Although Darlene's grandma subsequently passed away, Dr Subash shares that she called to thank him afterwards.
“One phone call became two and three, and that’s how it happened – I didn’t do anything!” he recalls with a laugh.
When he was invited to her hometown, it was with much trepidation that he agreed.
He says,"It was unchartered waters for me... like a scene from the 1960s comedy movie Guess Who's Coming to Dinner? starring Sidney Poitier!
"The Lun Bawang community had never seen an Indian in their village before and everyone turned to look at me, wondering what species I was!
“But the family was so warm in welcoming me as some of them had met me at the hospital while I was treating grandma.
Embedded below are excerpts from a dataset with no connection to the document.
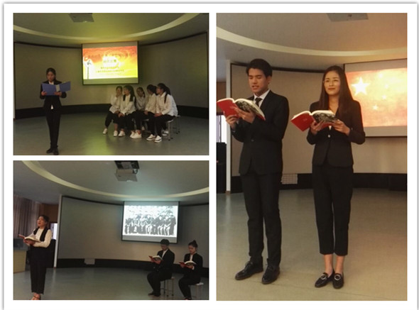在9月23日茂荫财金学院学生党员开展的“重温红色经典 不忘初心前行”活动基础上,两个学院党总支共选送了7组诵读节目。同学们选取《习近平的七年知青岁月》《习近平总书记系列重要讲话读本》中的章节为文本,采取单人诵读、多人合诵等形式,分享了《近平在困境中实现了精神升华》 《近平敢说敢做敢担当》 《群众需要什么,近平就干什么》等经典篇章。特别是徽商职业学院的同学们在老师指导下排演的两个节目《党小组学习会——习近平总书记治国理政思想的历史起点》和情景剧《干在实处 走在前列》,编排形式新颖,选手们真情演绎,震撼全场,赢得师生经久不息的长时间掌声。茂荫财金学院党总支书记徐明做了现场点评,高度评价了两院党建创新交流方式,希望在双方在基层党组织标准化建设、专业建设、技能大赛等方面加强合作交流。最终,徽商职业学院选送的《习近平总书记治国理政思想的历史起点》、茂荫财金学院选送的《敢说敢做敢担当》获得一等奖。
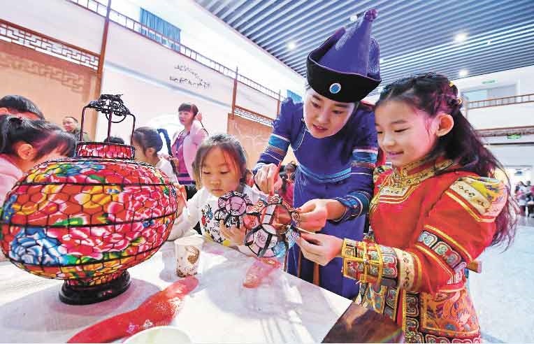 1月15日,小朋友們?cè)诜沁z年貨展互動(dòng)體驗(yàn)區(qū)學(xué)習(xí)制作燈籠。當(dāng)日,“非遺過(guò)大年文化進(jìn)萬(wàn)家——2019年全區(qū)非物質(zhì)文化遺產(chǎn)年貨展”在內(nèi)蒙古展覽館舉辦,活動(dòng)日期為1月15日至24日。本次展覽精選了與傳統(tǒng)年俗有關(guān)的近100個(gè)非遺項(xiàng)目進(jìn)行集中展示,旨在推動(dòng)非物質(zhì)文化遺產(chǎn)創(chuàng)造性轉(zhuǎn)化、創(chuàng)新性發(fā)展,促進(jìn)文化脫貧攻堅(jiān),傳承和弘揚(yáng)民族優(yōu)秀傳統(tǒng)文化,將非遺融入傳統(tǒng)新春佳節(jié),讓記憶里的濃濃年味在非遺傳統(tǒng)中鮮活起來(lái)。(內(nèi)蒙古日?qǐng)?bào)社融媒體記者 王磊攝)
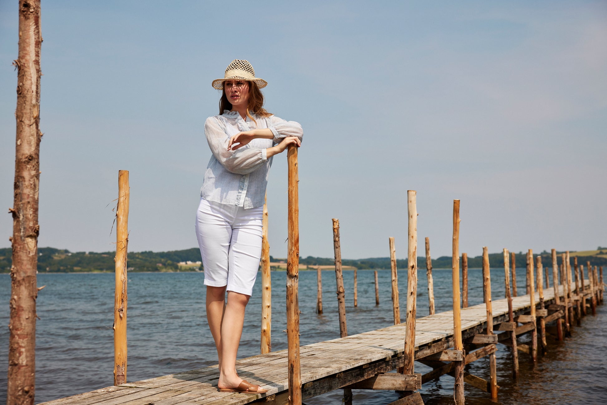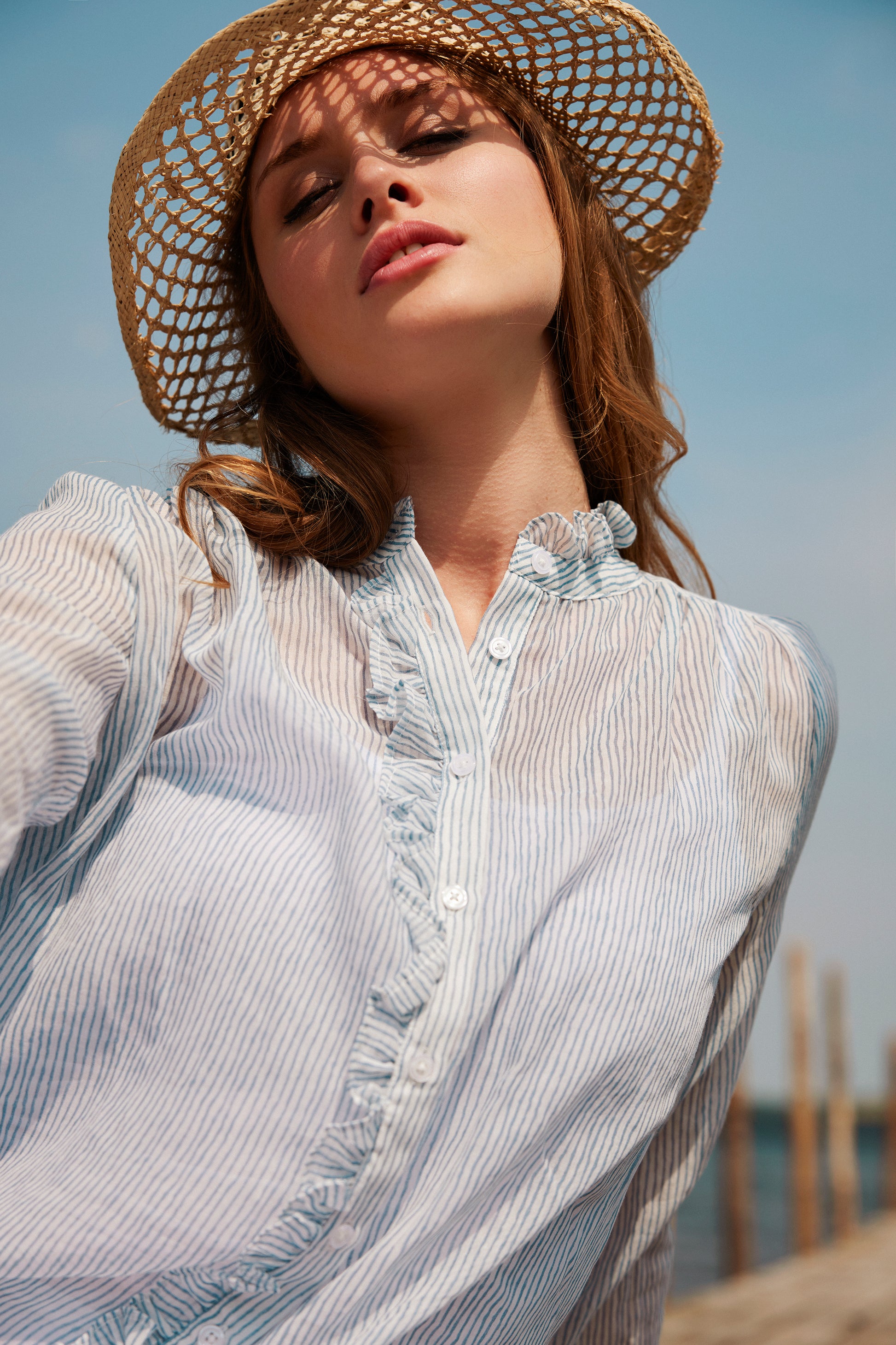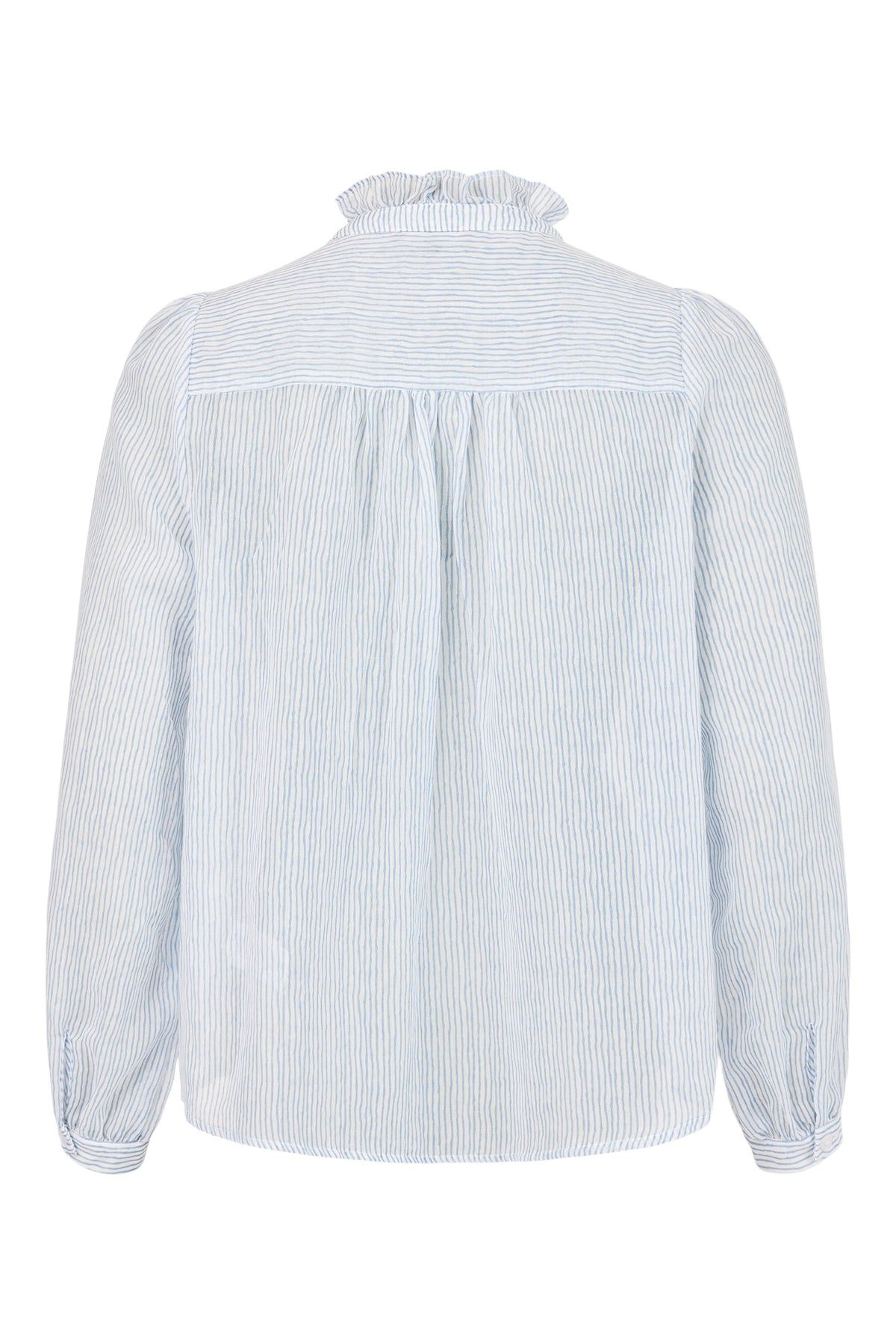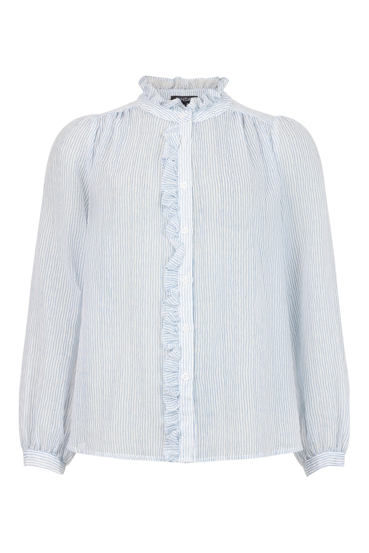 Experience effortless style with Top 6324 - SUNDAY. The expertly designed, 65% Polyester 35% Cotton top features a sophisticated white and light blue striped pattern and a charming ruffled collar. Perfect for any occasion, this top is the perfect addition to your wardrobe.

"They didn’t make me feel out of place.
“As for my parents, they had no problems accepting her as long as I was happy.
"One of my uncles had married a Chinese girl, so I guess he paved the way for me!”
Only after marrying Dr Subash in 2000 did Darlene make her maiden voyage to Peninsula Malaysia and she was in for a shock.
She says, “The pollution in Kuala Lumpur was (and is) so bad that it triggered my sinus and it hasn’t stopped.
"When I’m back in Lawas, I don’t have this problem.
“Then I was surprised that many shops, in and out of malls, were manned by only one race.
"In Miri, the shop owner would be Chinese, but the staff would be a mix of Chinese, Malay and indigenous people.
“In my opinion, there is more mingling and harmony among the races in Sarawak because there are so many tribes. I don’t feel that as strongly here.”
The couple has two teenage children.
Although Dr Subash is a Hindu and Darlene, a Christian, they respect each other’s religion and expose their kids to both religions.
“We teach the kids to respect both our religions and cultures, so we celebrate Deepavali and Christmas, along with other festivals," shares Darlene.
"They can understand the Lun Bawang language, but not Tamil, because in Subash’s household, they speak more English.
“I’ve learnt how to make Indian food such as chicken curry and biryani as the children love them.”
At the clinic, the staff go on monthly makan-makan outings after closing to chill out and relax.
“We are truly a united, Malaysian family, ” Raj concludes.